HMC Vigilant is a Border Agency (customs) cutter of the United Kingdom. She was launched by Damen Shipyards in the Netherlands in 2003 and is one of four UKBF 42m Customs Cutters, 42 m cutters operated by the UK Border Force.

==History==
Vigilant entered service for the British Government by the then HM Customs and Excise in 2004. In 2008, the fleet of customs cutters was transferred, along with border control duties, from HM Revenue and Customs to the newly formed UK Border Agency. She now operates as part of the UK Border Force fleet of five cutters.

==Prefix==
The Inland Revenue and HM Customs and Excise Departments merged to form HM Revenue and Customs on 18 April 2005, and from this time customs cutters changed their prefix from "HMRC" (Her Majesty's Revenue Cutter) to "HMCC" (Her Majesty's Customs Cutter). Following transfer to the UK Border Agency this was shortened to the current "HMC" (Her Majesty's Cutter) and a new livery applied to the fleet of cutters.

==Construction==

Vigilant is the third of the Customs and Excise's fleet of 42 m customs patrol vessels. She was built in 2003 in the Damen Shipyards in the Netherlands, and has a steel hull with an aluminium superstructure. Much effort has been expended in making her quiet to reduce crew fatigue; the engines are raft-mounted, decks throughout the ship are of a floating type, and the compartments are constructed on a box-within-a-box principle.

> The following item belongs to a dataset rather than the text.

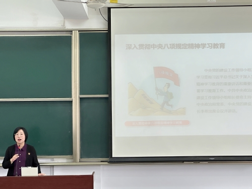 2025年4 月 8 日,上政第 24 学生党支部在主教 502B 开展了《以中央八项规定为切口 锤炼新时代学生党性修养》专题党课学习。由党支部书记周洁讲授。

The 7 m Rigid Inflatable Boat can be launched from her stern slipway. A 2000 L per minute fire fighting system for dealing with fires in other ships.

==Propulsion==
Vigilant is fitted with twin Caterpillar 3516B DI-TA Elec engines driving twin 4-bladed controllable-pitch propellers through a pair of 3.5:1 reduction gearboxes. The total installed power of 4176 kW gives her a top speed of 26 kn. A single Promac bow thruster is installed for slow speed manoeuvring in confined spaces. Electrical power is supplied by two 106kWA generators.